Local dancers shine in national event

Published 6:02 pm Friday, July 17, 2015

KEVIN SCOTT CUTLER | DAILY NEWS HOMETOWN TALENT: Le Moulin Rouge de Danse students (from left) Hope Stallings, Samantha Sawyer and Jamie Gaynor show off awards their troupe won in a national competition. Not pictured is Tribecca Moore.

KEVIN SCOTT CUTLER | DAILY NEWS
HOMETOWN TALENT: Le Moulin Rouge de Danse students (from left) Hope Stallings, Samantha Sawyer and Jamie Gaynor show off awards their troupe won in a national competition. Not pictured is Tribecca Moore.

Four local dancers were honored recently during a national competition held in Morehead City.

Jamie Gaynor, Hope Stallings, Tribecca Moore and Samantha Sawyer represented Washington’s Le Moulin Rouge de Danse at the event, which featured over 250 dancers from 26 different studios, according to Shannon Reising, who owns the local studio.

“It was a lot of fun,” Stallings said of the competition. “It was a really cool new experience.”

Reising co-founded and coaches the troupe with Tara Shumaker-Nojima. This was its first year as a competition troupe.
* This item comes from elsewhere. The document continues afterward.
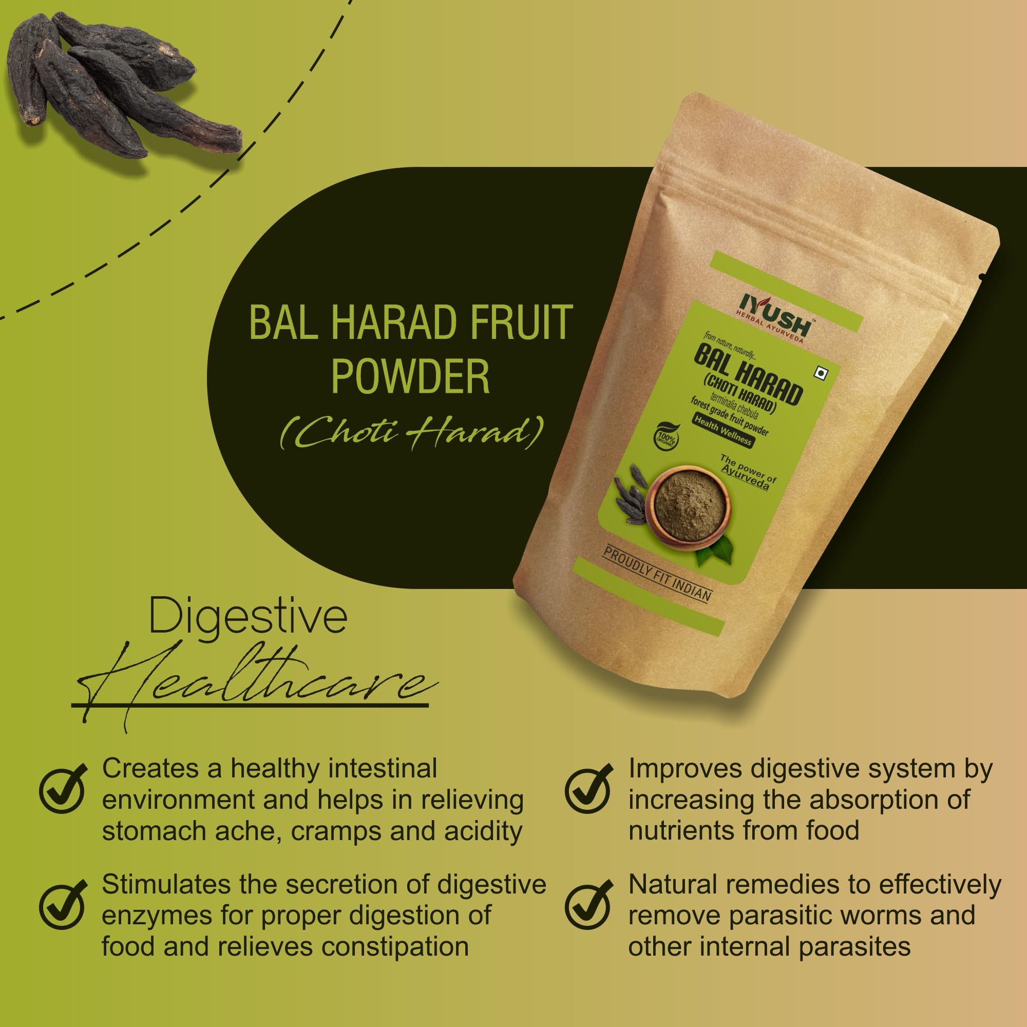 Indulge in the natural goodness of our Bal Harad Powder meticulously crafted for holistic well-being. Derived from the Terminalia chebula tree this finely ground powder is rich in traditional Ayurvedic benefits. Bal Harad is renowned for supporting digestive health detoxification and promoting overall vitality. Elevate your wellness routine with this premium herbal remedy embracing the time-honored wisdom of Ayurveda. Discover the potential of Bal Harad Powder for a balanced and rejuvenated lifestyle.

In Morehead City, the girls performed as a troupe with their “Kissing You” contemporary piece and their “Too Darn Hot” musical theater piece. All four of Washington’s representatives were also chosen to take part in the competition’s “Showcase” performance.
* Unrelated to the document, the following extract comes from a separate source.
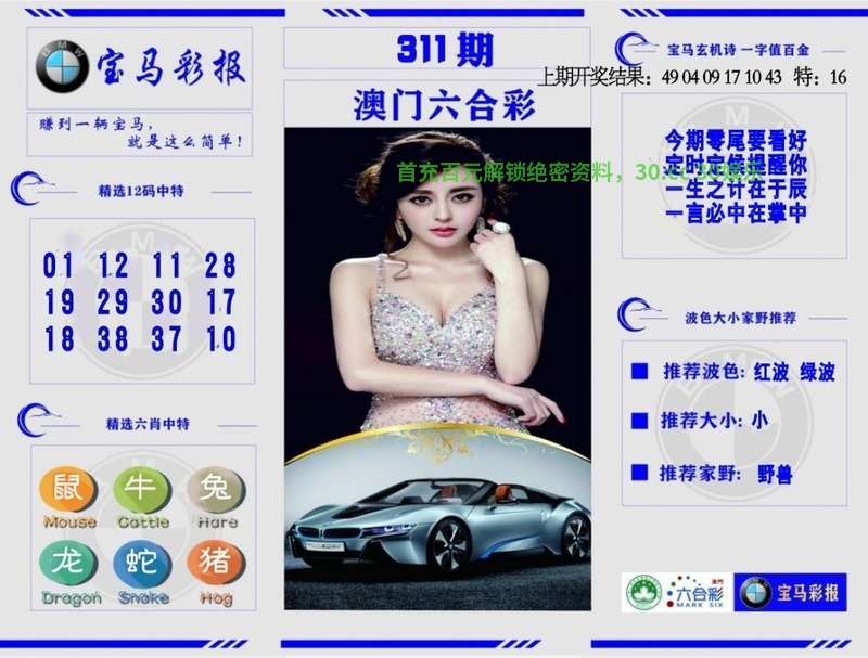 | 311期高手六肖「牛龙鼠马猴蛇」 |

Along with competing as a troupe, three of them danced in the solo round. Gaynor, Moore and Stallings brought home platinum awards and Moore took second place overall in the adult category. As a troupe, the Le Moulin Rouge de Danse girls placed second overall in the senior category, according to Reising.
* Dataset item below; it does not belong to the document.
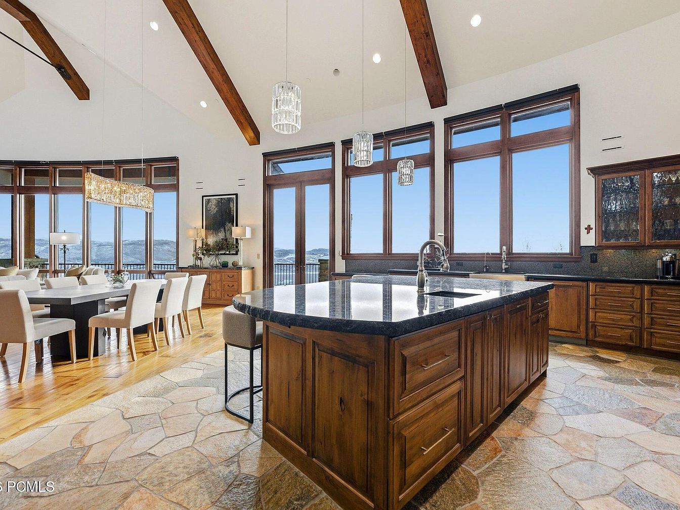 This spacious kitchen and dining area features a warm, inviting layout, characterized by high vaulted ceilings with exposed wooden beams that enhance the cozy atmosphere. The central island boasts a sleek black granite countertop, complementing the rich wooden cabinetry that offers ample storage. Stylish pendant lighting adds a modern touch, creating an elegant focal point above the dining table. Surrounding large windows flood the space with natural light and showcase breathtaking views. The area is designed for family gatherings, with contemporary dining chairs maximizing comfort. The combination of stone flooring and wooden accents exudes rustic charm, making it a serene retreat.

“Winning is something, but it is not everything,” Reising said. “The competition was so overwhelming. The whole point of going was to let the girls experience competing at nationals.”

The studio has devoted an entire shelf to the awards won by the troupe in its first year, but the dancers said they came home with more than trophies.

“It was such an awesome experience,” said Jamie Gaynor, who added that she hopes to continue dancing while attending Meredith College as a freshman.

Fellow dancer Samantha Sawyer agreed.

“I thought it was a lot of fun,” she said. “It was a great experience, especially growing closer in friendship with the other girls.”

Gaynor and Moore, recent high school graduates, have aged out of the troupe but the studio has plans in place to continue the opportunity. Already, other dancers have inquired about joining the troupe, which begins its new season of rehearsals in late August.

“We don’t audition for this troupe,” Reising said. “We feel like anyone in sixth grade and up who wants to compete should be able to. I think anyone who wants to be on that stage should have that opportunity.”